:: ASSIGNED TASK ::
All lines in the records below from the line with "Kapolres dan Bupati" through the line with "Khi cúp điện, thói" are to be given again exactly, both ends included; the pictures are to be left out.

:: THE DATA ::
Segment Open

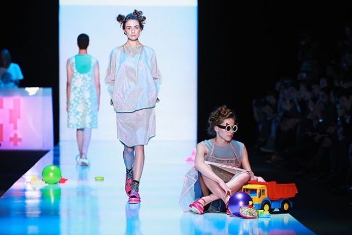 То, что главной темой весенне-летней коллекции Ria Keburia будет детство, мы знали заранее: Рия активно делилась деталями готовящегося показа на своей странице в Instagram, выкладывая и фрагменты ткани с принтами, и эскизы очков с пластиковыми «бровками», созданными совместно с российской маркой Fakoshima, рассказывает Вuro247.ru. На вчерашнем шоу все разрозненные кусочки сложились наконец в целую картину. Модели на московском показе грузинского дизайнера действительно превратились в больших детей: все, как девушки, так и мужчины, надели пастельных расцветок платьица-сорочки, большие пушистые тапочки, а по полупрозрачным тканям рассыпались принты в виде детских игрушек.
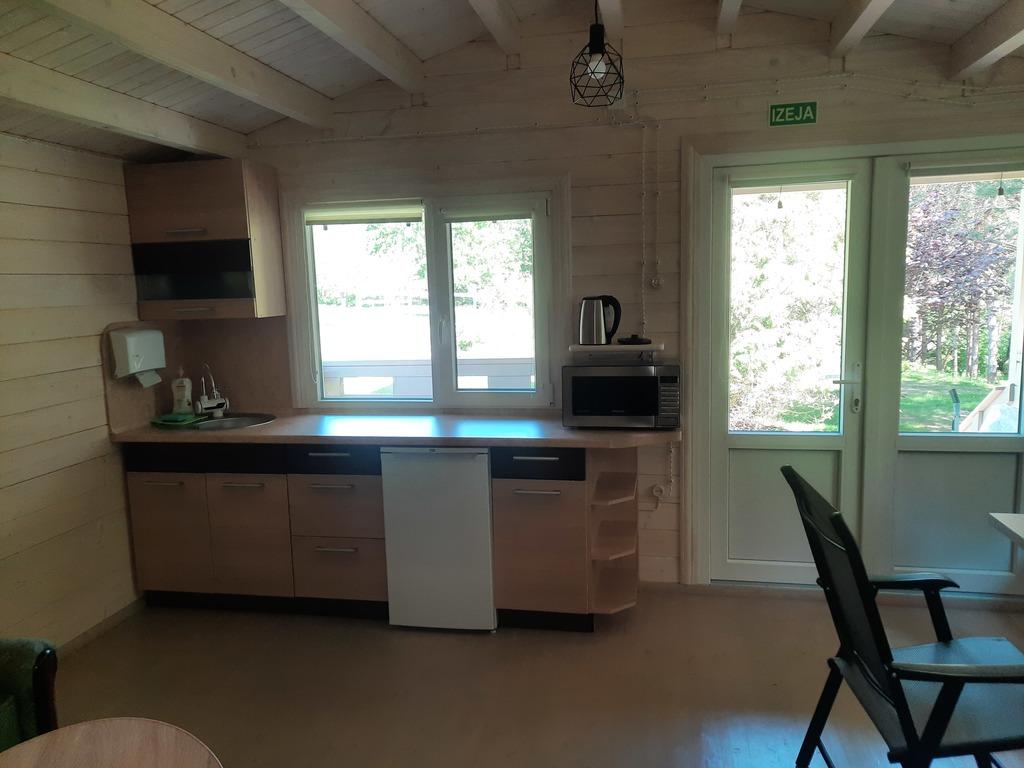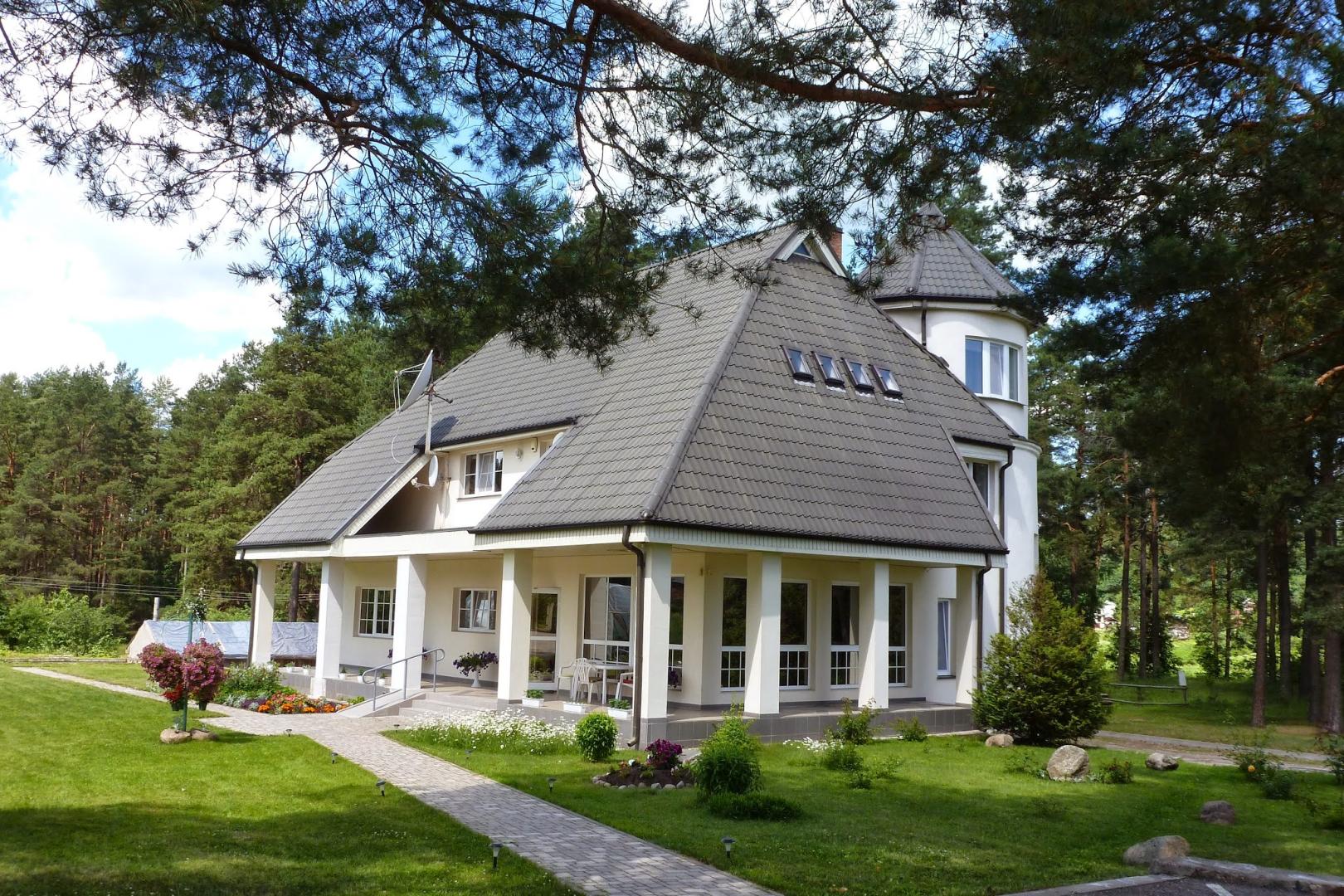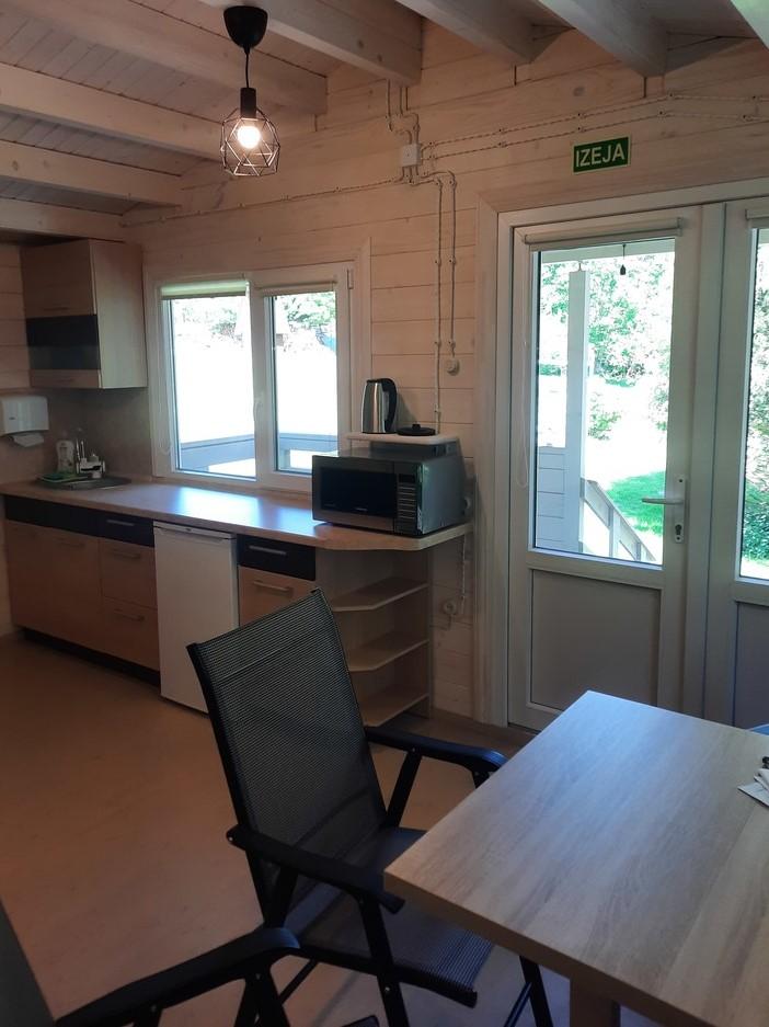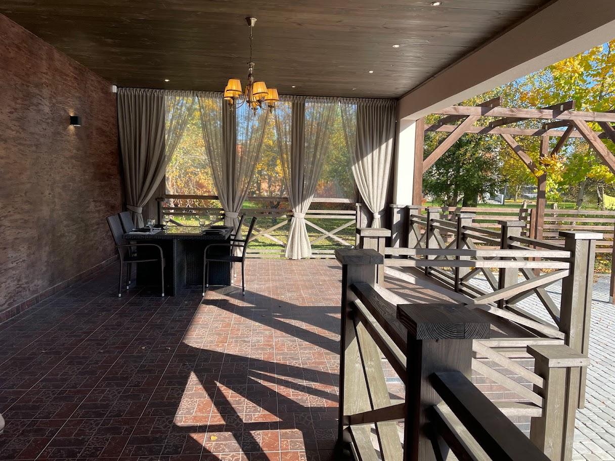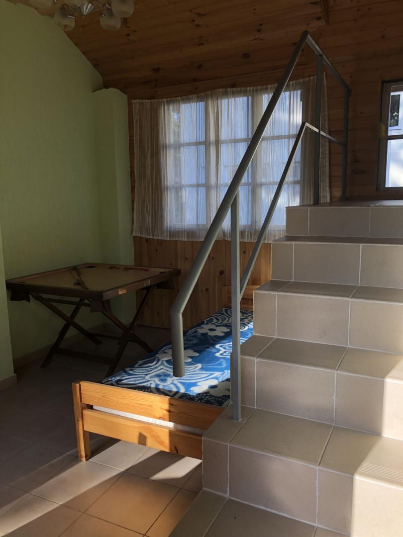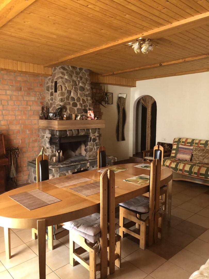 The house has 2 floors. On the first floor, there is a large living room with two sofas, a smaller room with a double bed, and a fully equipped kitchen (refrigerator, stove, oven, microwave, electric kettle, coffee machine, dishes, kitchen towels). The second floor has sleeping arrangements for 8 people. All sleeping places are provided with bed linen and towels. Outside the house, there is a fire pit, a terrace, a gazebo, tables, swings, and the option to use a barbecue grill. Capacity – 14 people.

Segment Closed
Segment Open

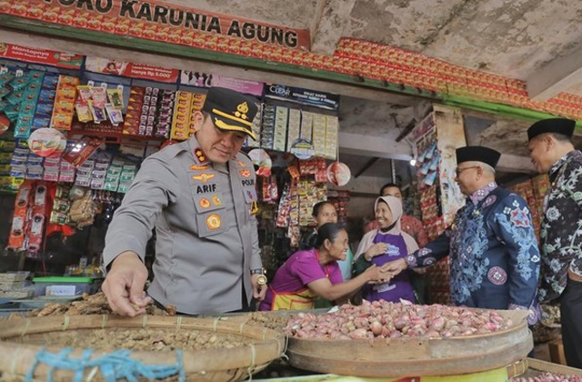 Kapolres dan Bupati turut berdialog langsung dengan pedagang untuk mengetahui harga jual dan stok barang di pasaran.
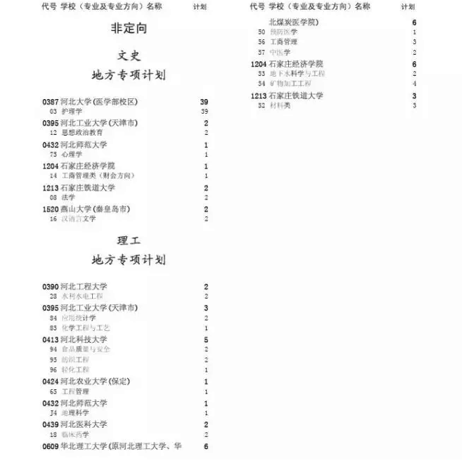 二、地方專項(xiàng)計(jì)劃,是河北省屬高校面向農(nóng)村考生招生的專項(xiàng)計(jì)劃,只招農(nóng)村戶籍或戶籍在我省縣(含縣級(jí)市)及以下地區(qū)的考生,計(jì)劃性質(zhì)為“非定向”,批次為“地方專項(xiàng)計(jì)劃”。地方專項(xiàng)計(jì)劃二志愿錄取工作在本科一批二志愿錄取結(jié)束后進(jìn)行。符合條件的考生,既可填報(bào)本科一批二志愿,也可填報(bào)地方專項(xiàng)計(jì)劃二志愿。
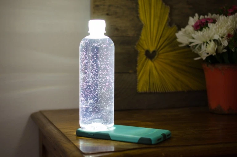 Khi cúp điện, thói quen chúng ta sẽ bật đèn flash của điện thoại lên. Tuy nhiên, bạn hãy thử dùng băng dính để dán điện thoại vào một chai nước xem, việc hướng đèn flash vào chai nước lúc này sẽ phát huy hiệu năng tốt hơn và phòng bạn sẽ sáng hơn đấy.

Segment Closed
Segment Open

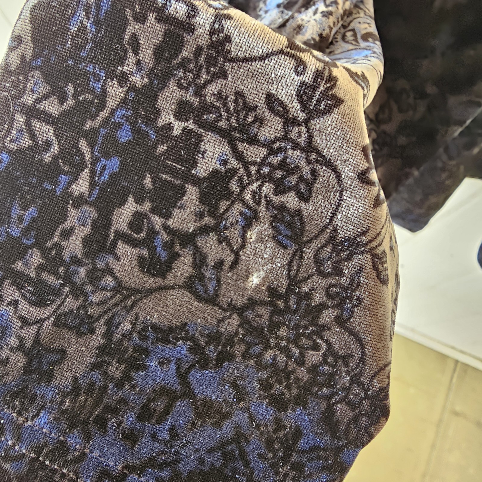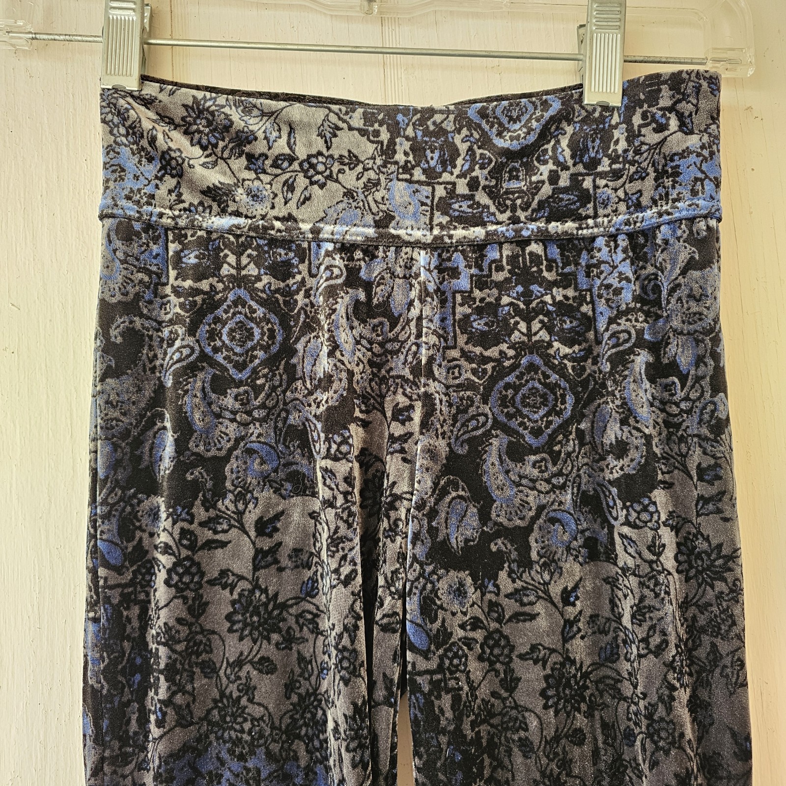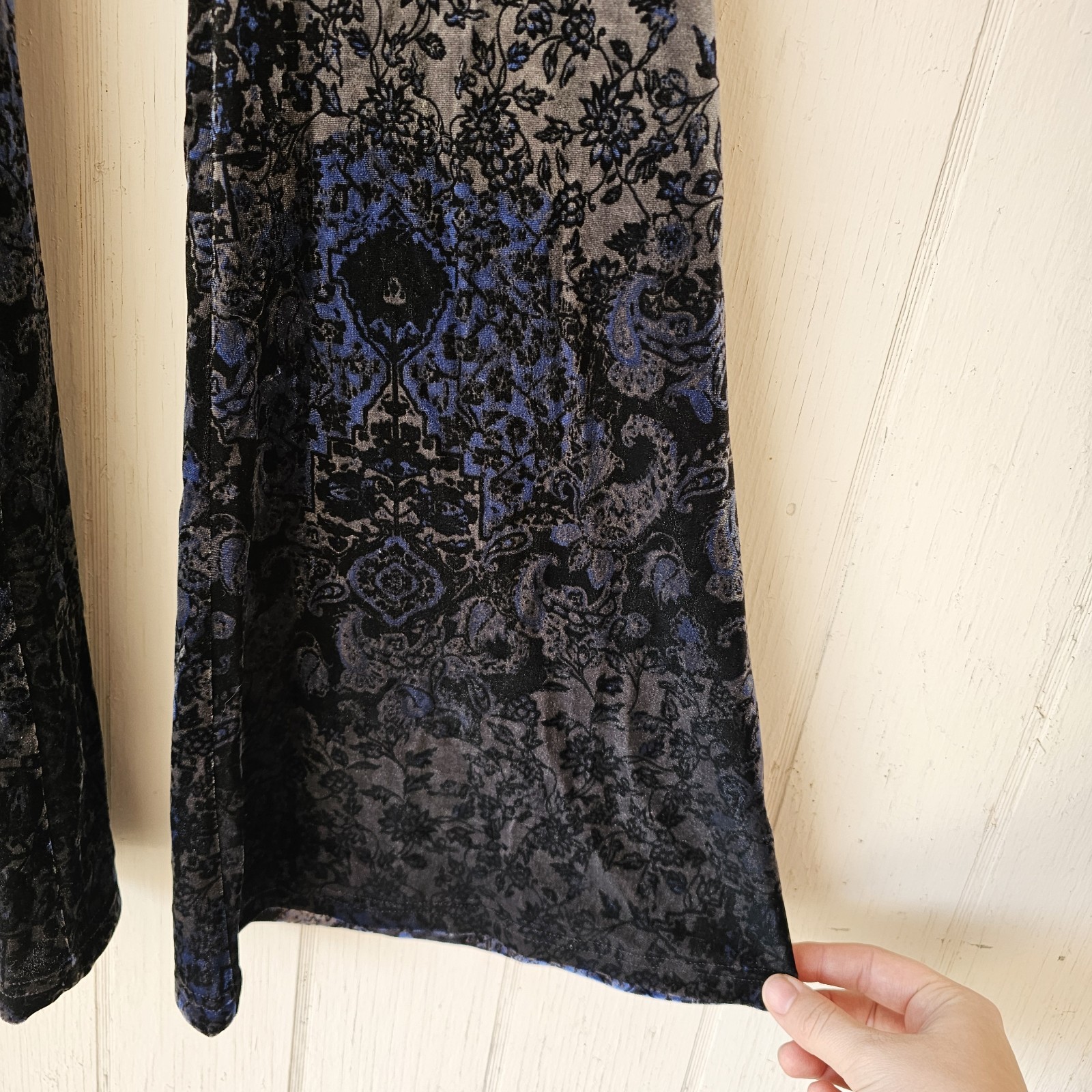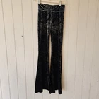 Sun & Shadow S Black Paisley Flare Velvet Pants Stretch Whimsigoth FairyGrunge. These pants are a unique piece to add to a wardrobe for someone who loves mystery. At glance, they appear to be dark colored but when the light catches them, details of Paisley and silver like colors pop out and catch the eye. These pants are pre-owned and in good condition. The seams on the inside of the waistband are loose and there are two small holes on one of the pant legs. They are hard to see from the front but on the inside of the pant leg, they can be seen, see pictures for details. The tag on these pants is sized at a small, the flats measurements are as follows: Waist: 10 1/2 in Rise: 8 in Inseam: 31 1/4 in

Segment Closed

:: RESPONSE TO THIS EXERCISE ::
 Kapolres dan Bupati turut berdialog langsung dengan pedagang untuk mengetahui harga jual dan stok barang di pasaran.
 二、地方專項(xiàng)計(jì)劃,是河北省屬高校面向農(nóng)村考生招生的專項(xiàng)計(jì)劃,只招農(nóng)村戶籍或戶籍在我省縣(含縣級(jí)市)及以下地區(qū)的考生,計(jì)劃性質(zhì)為“非定向”,批次為“地方專項(xiàng)計(jì)劃”。地方專項(xiàng)計(jì)劃二志愿錄取工作在本科一批二志愿錄取結(jié)束后進(jìn)行。符合條件的考生,既可填報(bào)本科一批二志愿,也可填報(bào)地方專項(xiàng)計(jì)劃二志愿。
 Khi cúp điện, thói quen chúng ta sẽ bật đèn flash của điện thoại lên. Tuy nhiên, bạn hãy thử dùng băng dính để dán điện thoại vào một chai nước xem, việc hướng đèn flash vào chai nước lúc này sẽ phát huy hiệu năng tốt hơn và phòng bạn sẽ sáng hơn đấy.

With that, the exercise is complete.